Anomaly detection in business processes using process mining and fuzzy association rule learning

Sarno, Riyanarto; Sinaga, Fernandes; Sungkono, Kelly Rossa

doi:10.1186/s40537-019-0277-1

Research
Open access
Published: 09 January 2020

Anomaly detection in business processes using process mining and fuzzy association rule learning

Riyanarto Sarno¹,
Fernandes Sinaga¹ &
Kelly Rossa Sungkono¹

Journal of Big Data volume 7, Article number: 5 (2020) Cite this article

11k Accesses
39 Citations
Metrics details

Abstract

Much corporate organization nowadays implement enterprise resource planning (ERP) to manage their business processes. Because the processes run continuously, ERP produces a massive log of processes. Manual observation will have difficulty monitoring the enormous log, especially detecting anomalies. It needs the method that can detect anomalies in the large log. This paper proposes the integration of process mining, fuzzy multi-attribute decision making and fuzzy association rule learning to detect anomalies. Process mining analyses the conformance between recorded event logs and standard operating procedures. The fuzzy multi-attribute decision making is applied to determine the anomaly rates. Finally, the fuzzy association rule learning develops association rules that will be employed to detect anomalies.
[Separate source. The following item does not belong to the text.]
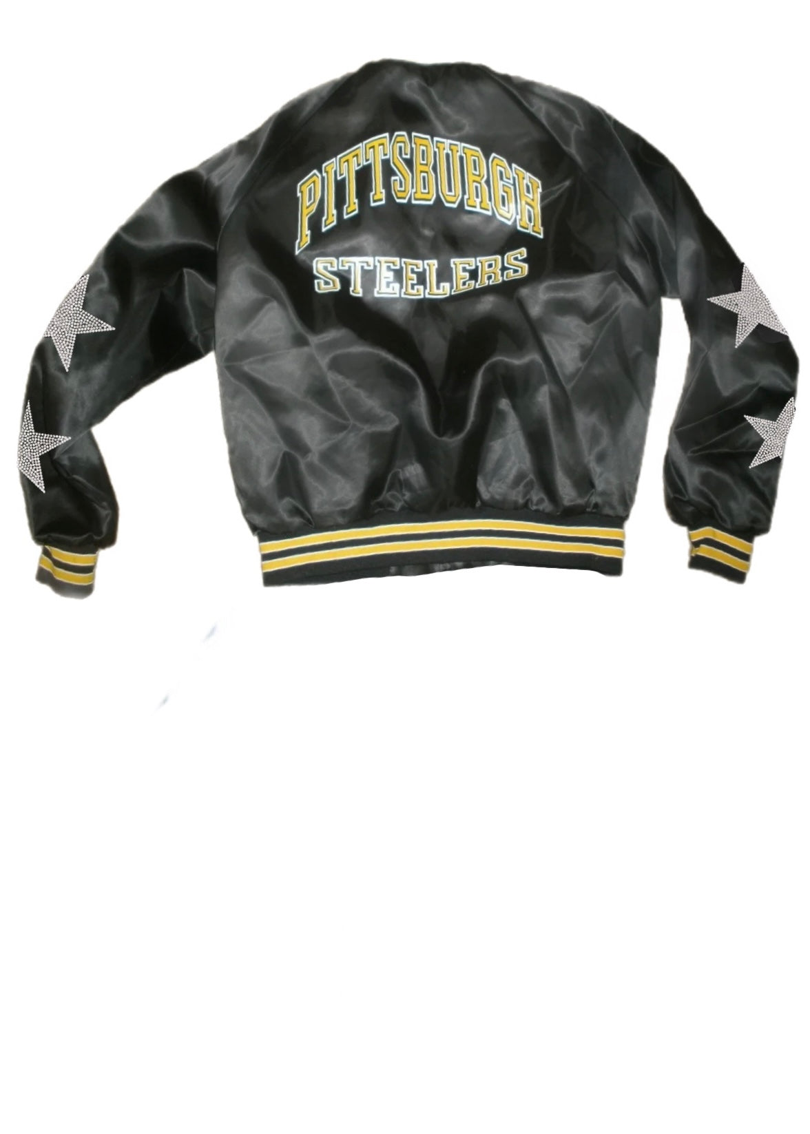 Pittsburgh Steelers, Football “Rare Find” One of a KIND Vintage Satin Jacket with Crystal Star Design - Soft, frayed & oversized depending on the person

The results of our experiment showed that the accuracy of the association rule learning method was 0.975 with a minimum confidence level of 0.9 and that the accuracy of the fuzzy association rule learning method was 0.925 with a minimum confidence level of 0.3. Therefore, the fuzzy association rule learning method can detect fraud at low confidence levels.

Introduction

Many corporations worldwide use an enterprise resource planning (ERP) system to manage their business process, which continuously changes due to dynamic business requirements [1]. Because the processes run continuously, ERP produces a considerable log of processes. Manual observation will have difficulty monitoring the sizeable log, especially detecting anomalies. It needs the method that can detect anomalies in the huge log.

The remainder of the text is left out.